After I graduated from Newbold, Leonie and I were married in Maryland in the autumn of 1975. On February 1, 1976, I began working as a youth/assistant pastor in Australia’s North New South Wales Conference (having not gotten the travel bug totally out of my blood during my year as a student missionary and my three years at Newbold!). My denominational employment has included nine years as a youth pastor (both in Australia and in the United States), nine years as an editor (four of those on the staff of the Adventist Review and five as senior editor at Signs Publishing Company in Australia) and more than fourteen years as a senior pastor (all at one church, in a suburb of Orlando, Florida). In all, I’ve worked just more than ten years in Australia and more than twenty-two years in the United States. I’m a hard worker who has given prodigiously of time, energy and such money as we have—often to the detriment of my family.

Throughout both my pastoral and editorial ministry, I’ve sought to build bridges of understanding between our denomination’s traditionalists and progressives. Having come from an extremely conservative background, and having had conservative thinking drummed into me from the cradle, I understand well the concerns of those who feel we’re running off the rails in many of the changes—both in practice and theological emphasis—that our church has embraced or at least tolerated over the past few decades.

Having over the years moved into greater alignment with progressives, I likewise understand their rationale.

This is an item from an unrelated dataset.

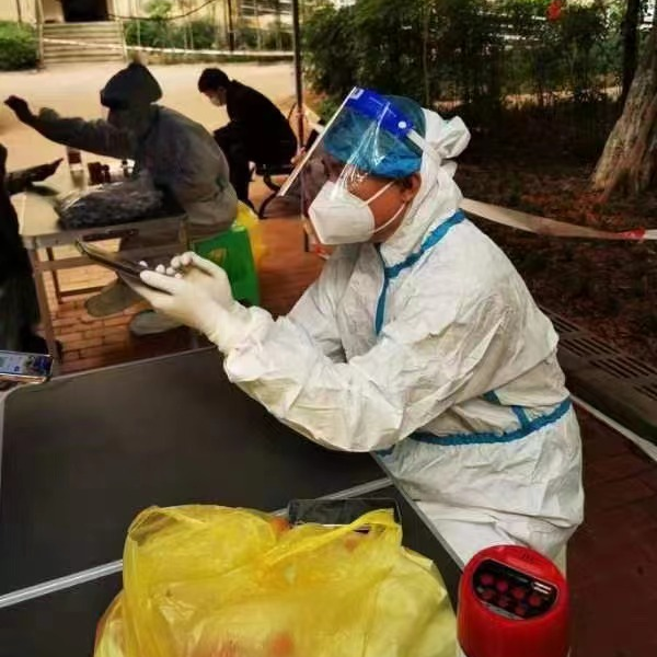 在做志愿者采集信息的当天,为了照顾上网课同学的时间,谭娅将原计划10:00开始的检测工作提前到8:00开始,因为穿了防护服一上午不能喝水不能上厕所,后背也全被汗水浸湿了,并且配合医务人员完成了859名住户核酸检测工作。

So I’ve made it a mission to try to help the advocates of change understand the mindset that prefers preservation of the status quo. And I’ve sought to help status-quo advocates understand the thinking of those who advocate change. In the congregations where I’ve served and in larger regions of the church influenced by my writing of magazine articles and books, I feel that my insights, my emphases and my efforts have proved helpful. I feel that I’ve had a productive career.

I don’t share this information to boast. I tell it simply to point out that my life has been enmeshed with the Seventh-day Adventist Church totally and completely. I don’t ask for accolades for the second-mile commitment I feel I’ve given. But I’d like to think that my family and I would at least be treated by church leaders with the basic respect called for by the Golden Rule—respect we’d want to see given to anyone and everyone. Unfortunately, that hasn’t happened on far too many occasions in our experience of denominational employment. And we know we’re not alone.